4. L'emploi dans l'hôpital public : 35 heures et fonds pour l'emploi hospitalier (articles 17 et 18)

L'article 17 du présent projet de loi de financement définit les modalités de mise en oeuvre de la réduction du temps de travail dans la fonction publique hospitalière.

Il modifie l'ordonnance n° 82-272 du 26 mars 1982 relative à la durée hebdomadaire du travail dans la fonction publique hospitalière afin de tenir compte de l'application des 35 heures dans l'ensemble de la fonction publique à compter du 1 er janvier 2002. Ainsi il est précisé que le temps de travail des agents de la fonction publique hospitalière est réduit dans des conditions fixées par décret en Conseil d'Etat.

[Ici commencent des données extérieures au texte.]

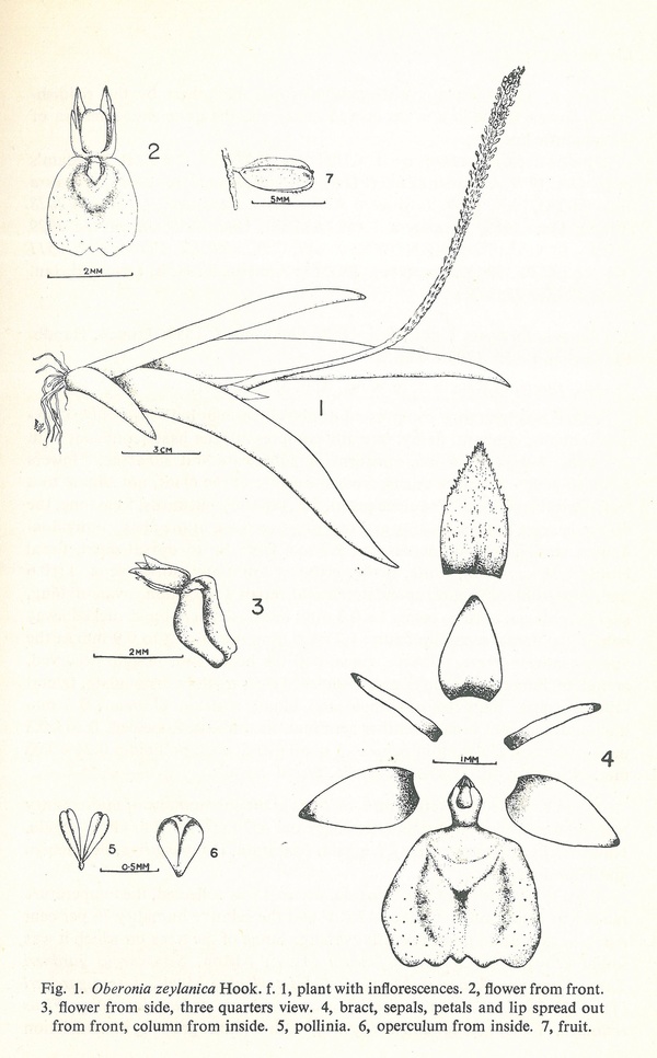 Oberonia zeylanica Hook.f. 1888 Drawing by © M.D.Dassanayake & F.R.Fosberg and The Swiss Orchid Foundation at the Jany Renz Herbaria Website

Ce décret fixe également les règles relatives à l'organisation du travail des mêmes agents en tenant compte de la spécificité des missions exercées par ces établissements.

D'après le gouvernement, 45.000 emplois spécifiques pour la réduction du temps de travail dans la fonction publique hospitalière seront créés sur les trois années 2002 à 2004. En 2002, ce sont l'équivalent de 12.300 emplois qui pourront être pourvus soit 27,5 % du total des créations annoncées.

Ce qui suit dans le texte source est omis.